THE PSYCHOLOGY OF THE EMOTIONS
The Association of the Emotions
If the human body has at any time been simultaneously affected by two bodies, whenever the mind afterwards imagines one of them, it will immediately remember the other. But the imaginations of the mind indicate rather the modifications of our body than the nature of external bodies, and therefore if the body, and consequently the mind, has been at any time, simultaneously affected by two emotions, whenever it is afterwards affected by one of them, it will also be affected by the other.
Let the mind be supposed to be affected at the same time by two emotions, its power of action not being increased or diminished by one, while it is increased or diminished by the other. From the preceding proposition it is plain that when the mind is afterwards affected by the first emotion through its true cause, which (by hypothesis) of itself neither increases nor diminishes the mind's power of thinking, it will at the same time be affected by the other emotion, which does increase or diminish that power, that is to say, it will be affected with joy or sorrow; and thus the thing itself will be the cause of joy or of sorrow, not of itself, but accidentally. In the same way it can easily be shown that the same thing may accidentally be the cause of desire.
The fact that we have contemplated a thing with an emotion of joy or sorrow, of which it is not the efficient cause, is a sufficient reason for being able to love or hate it.

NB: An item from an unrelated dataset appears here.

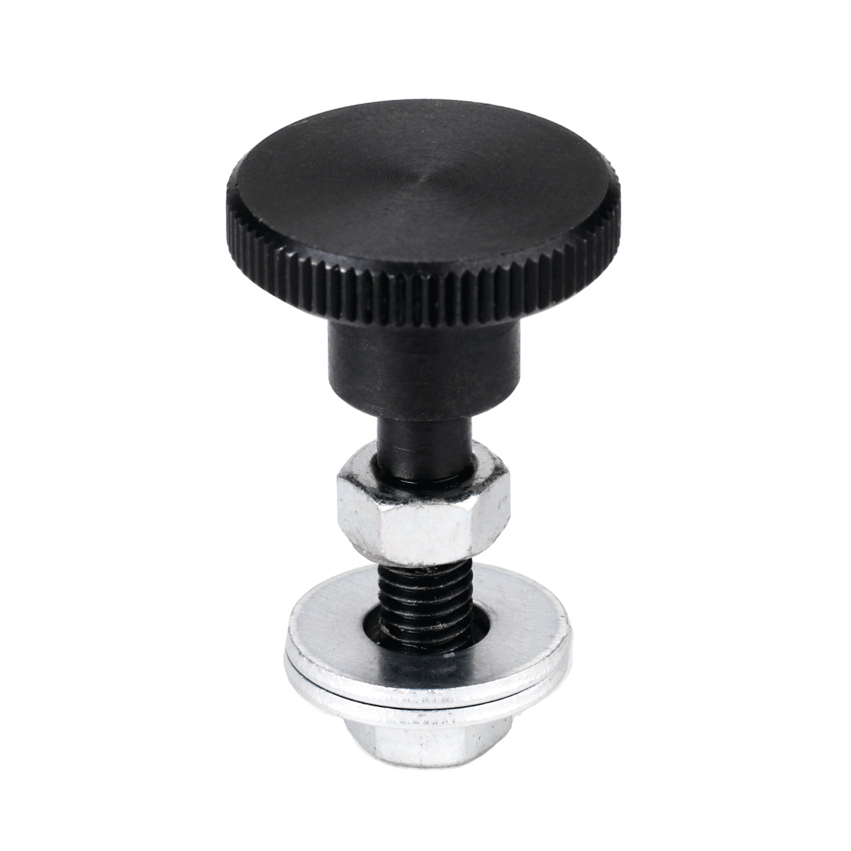 BESCHREIBUNG: - Anschlagdurchmesser 30 mm, Länge 48 mm, Gewinde M8 - 2 Muttern und 2 Unterlegscheiben Ø 30 mm im Lieferumfang (Klemmelement und Winkel im Lieferumfang dieses Artikels nicht enthalten)

We now understand why we love or hate certain things from no cause which is known to us, but merely from sympathy or antipathy, as they say. To this class, too, are to be referred those objects which affect us with joy or sorrow solely because they are somewhat like objects which usually affect us with those emotions. I know indeed that the writers who first introduced the words "Sympathy" and "Antipathy" desired thereby to signify certain hidden qualities of things, but nevertheless I believe that we shall be permitted to understand by those names qualities which are plain and well known.
Anything may be accidentally the cause either of hope or fear. Things which are accidentally the causes either of hope or fear are called good or evil omens. In so far as the omens are the cause of hope and fear are they the cause of joy or of sorrow, and consequently so far do we love them or hate them, and endeavor to use them as means to obtain those things for which we hope, or to remove them as obstacles or causes of fear. Our natural constitution, too, is such that we easily believe the things we hope for, and believe with difficulty those we fear, and we think too much of the former and too little of the latter. Thus have superstitions arisen, by which men are everywhere disquieted. I do not consider it worth while to go any further, and to explain here all those vacillations of mind which arise from hope and fear, since it follows from the definition alone of these emotions that hope cannot exist without fear, nor fear without hope.

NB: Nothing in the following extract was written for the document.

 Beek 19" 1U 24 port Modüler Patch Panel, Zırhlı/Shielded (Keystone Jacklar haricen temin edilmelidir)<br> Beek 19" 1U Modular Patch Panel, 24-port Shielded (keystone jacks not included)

If we imagine a certain thing to possess something which resembles an object which usually affects the mind with joy or sorrow, although the quality in which the thing resembles the object is not the efficient cause of these emotions, we shall nevertheless, by virtue of the resemblance alone, love or hate the thing.
If we have been affected with joy or sorrow by any one who belongs to a class or nation different from our own, and if our joy or sorrow is accompanied with the idea of this person as its cause, under the common name of his class or nation, we shall not love or hate him merely, but the whole of the class or nation to which he belongs.